INPUT DATA:

■ ■ ■

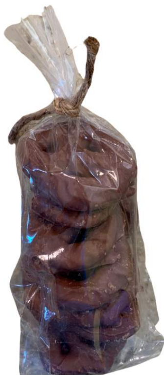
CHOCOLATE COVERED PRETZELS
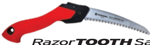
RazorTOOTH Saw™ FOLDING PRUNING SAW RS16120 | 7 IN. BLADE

■ ■ ■

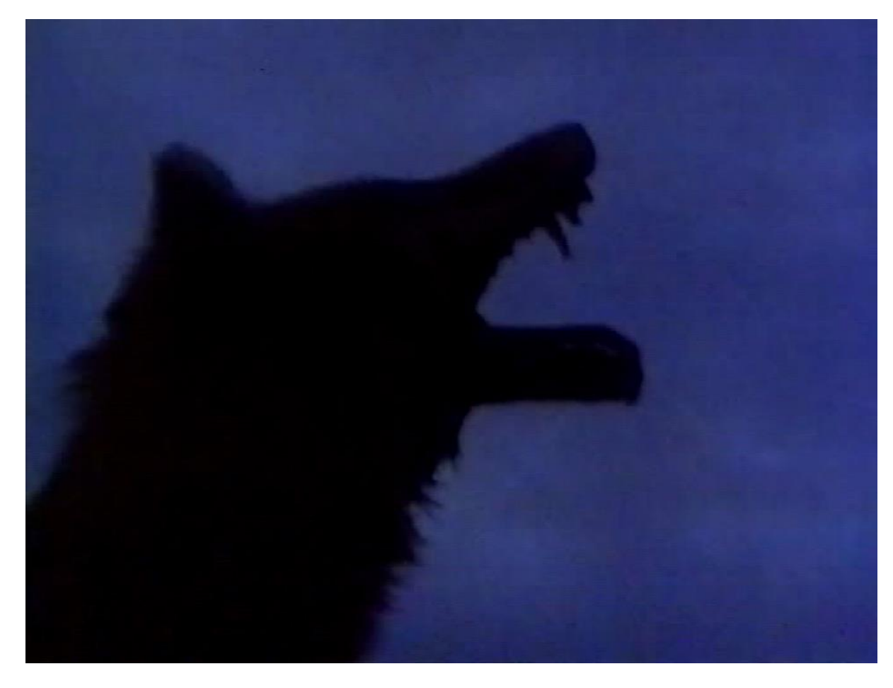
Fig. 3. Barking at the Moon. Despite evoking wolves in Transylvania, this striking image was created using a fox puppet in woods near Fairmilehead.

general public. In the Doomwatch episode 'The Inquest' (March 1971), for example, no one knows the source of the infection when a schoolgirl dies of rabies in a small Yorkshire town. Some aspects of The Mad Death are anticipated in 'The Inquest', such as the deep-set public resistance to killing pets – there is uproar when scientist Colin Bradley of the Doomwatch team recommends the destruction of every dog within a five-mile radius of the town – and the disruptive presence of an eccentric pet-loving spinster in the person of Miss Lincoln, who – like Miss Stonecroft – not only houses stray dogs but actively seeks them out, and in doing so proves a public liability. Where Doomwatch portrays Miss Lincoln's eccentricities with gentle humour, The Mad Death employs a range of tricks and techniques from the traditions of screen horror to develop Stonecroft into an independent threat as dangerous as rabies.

■ ■ ■

TASK OBJECTIVE: Only one stretch of the material above is wanted: the line containing "CHOCOLATE COVERED PRETZELS" through the line containing "RazorTOOTH Saw™ FOLDING". Restate it word for word, minus the pictures.

SOLUTION FOR THIS PROBLEM:
CHOCOLATE COVERED PRETZELS
RazorTOOTH Saw™ FOLDING PRUNING SAW RS16120 | 7 IN. BLADE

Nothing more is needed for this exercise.